Town joins together to start rebuilding stores and lives after fire

Neighbors

November 15, 1999|By Sally Voris | Sally Voris,SPECIAL TO THE SUN

ON WEDNESDAY, THE first day after the fire, people gathered in disbelief at the corner of Old Columbia Pike and Main Street in Ellicott City. Then they pulled together to begin restoring their lives.

10 a.m.

People clustered in small groups in a tiny park outside the cordoned-off area.

A police officer asked whether there were shop owners in the group and escorted them -- a few at a time -- to their burned buildings at the bottom of the hill.

Carole and Bill Sachs, owners of Spring House Design, sat on a bench and answered questions from reporters about the damage to their store. Their store had been damaged in a fire in 1991 at another location on Main Street.

In the group were Ellicott City activist Sally Bright; former Howard County Executive Charles I. Ecker; the Sachses' daughter and son-in-law, Lisa and Michael Thompson; building owner Jackie Everett; and restaurateur Fernand Tersiguel.

They looked shocked. Tersiguel had lost a restaurant, Chez Fernand, in a fire on Main Street 15 years ago -- to the week. He relived that experience Tuesday.

"I want to do something, hold a benefit," he said. "I will check my calendar and get a date."

Within minutes, he'd chosen date for the benefit: Nov. 22 at 4 p.m.

Bright had watched Tuesday's fire from her home on Church Road.

"We could smell smoke all night," she said. "This fire smelled different [than the other] -- it had an acrid chemical smell, not a wood smell."

In 1984, Bright had swept thick white ash and soot off of her car and her porch. This morning, there was no ash -- at least on Church Road.

"Buildings are like people," Bright said, "It's a big loss. Someone called me from New Hampshire, sick to hear about it."

"Our town is on fire," her distant friend had said.

"Ellicott City is everybody's town," Bright added.

Ecker remembers four fires in Ellicott City. "It leaves you with an empty feeling in your stomach," he said.

While reporters interviewed the Sachses, their daughter stood close by. Jackie Everett hugged her and offered her parents space in her building, across the street from their store. Everett owns the Bankers Galleria across from Spring House Design. She operates an ice cream parlor in the building.

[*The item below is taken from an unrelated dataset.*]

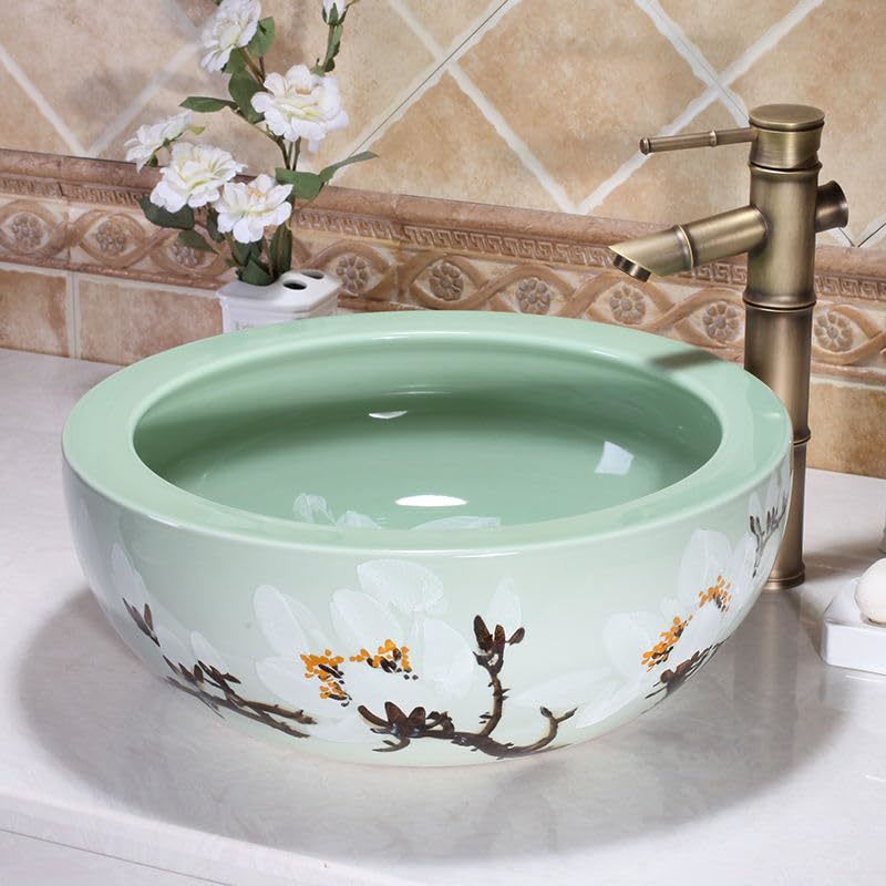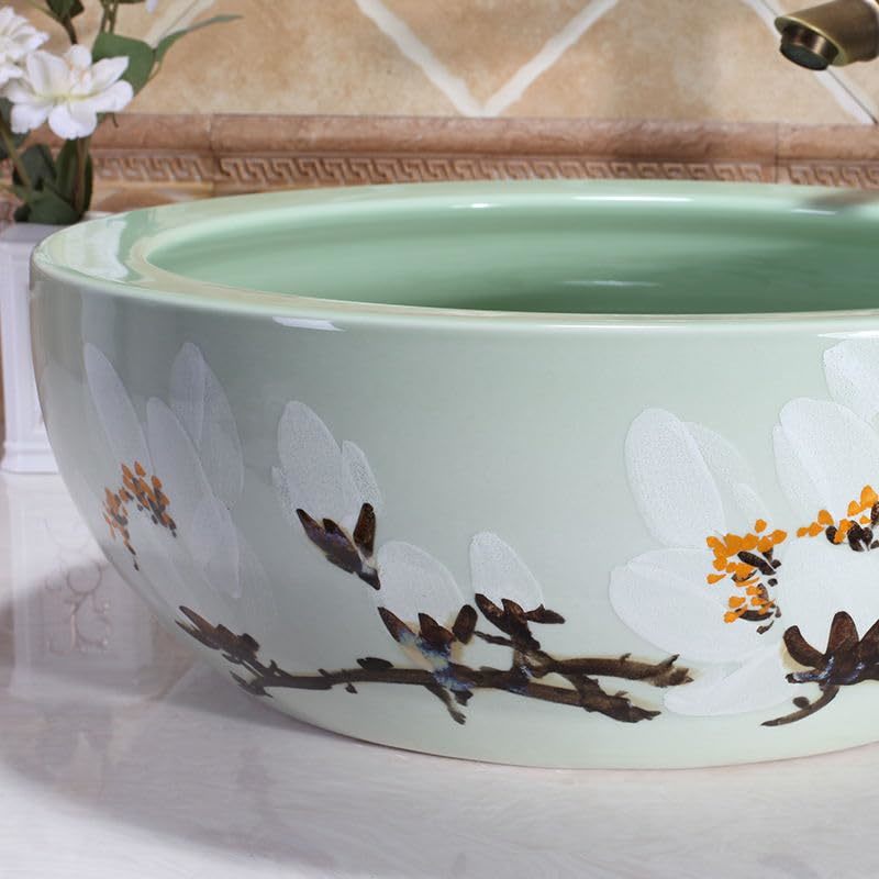 Product description: Transform your bathroom into an artistic sanctuary with this exquisite Interoknack Hand Painted Glaze Pea Green Round Art Basin. Each vessel sink features delicate plum blossom motifs meticulously hand-painted against a serene pea green background, creating a stunning focal point for any vanity. Crafted from high-fired porcelain, this countertop sink offers exceptional durability and scratch resistance while maintaining its vibrant color through years of use. Measuring 16.1 inches in diameter and 5.9 inches in height, this spacious round basin provides both elegant aesthetics and practical functionality. The sink accommodates standard above-counter installation and fits typical 1.77-inch drain openings (drain sold separately). Perfect for modern homes, boutique hotels, or designer renovation projects, this ceramic art basin seamlessly blends Asian-inspired artistry with contemporary bathroom design. Elevate your daily routine with this unique combination of beauty and function.
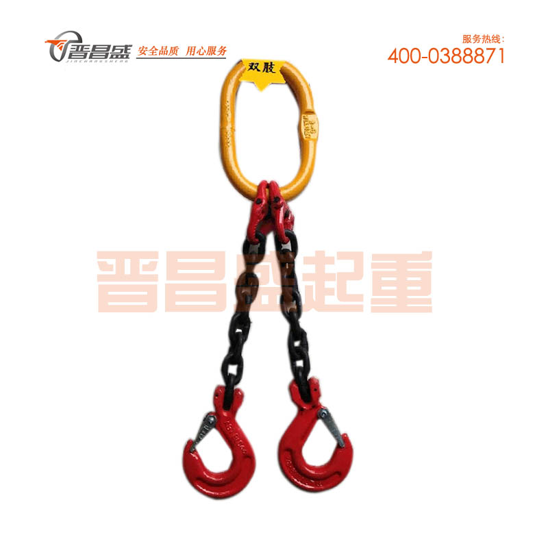 1、該索具可以作為單肢捆綁索具使用,當(dāng)單肢捆綁索具使用時只需將吊鉤鉤入鏈條,此時額定載荷將降低20%。

On the night of the 1984 fire, her husband was in their building dismantling the marble counters.

Everett knows how hard the Sachses have worked at their business. She consoled their daughter, Lisa. "Out of unfortunate things, blessings can come," she said.

2: 30 p.m.

County Councilman Christopher J. Merdon and his assistant, Karen Knight, walked up Main Street after inspecting the area. Standing nearby, Rich Taylor, vice president of the Ellicott City Business Association, seemed upbeat.

"Looks like all the buildings can be saved," he said.

The upper floors would have to be torn off the most badly damaged building -- the former Rosenstock Department store -- but its first-floor storefronts could be saved, he said. Several people were pulling artwork from Spring House Design and loading it into vans. The Sachses had been told they could salvage merchandise from their store until a crane arrived to demolish the upper floors of the building next door.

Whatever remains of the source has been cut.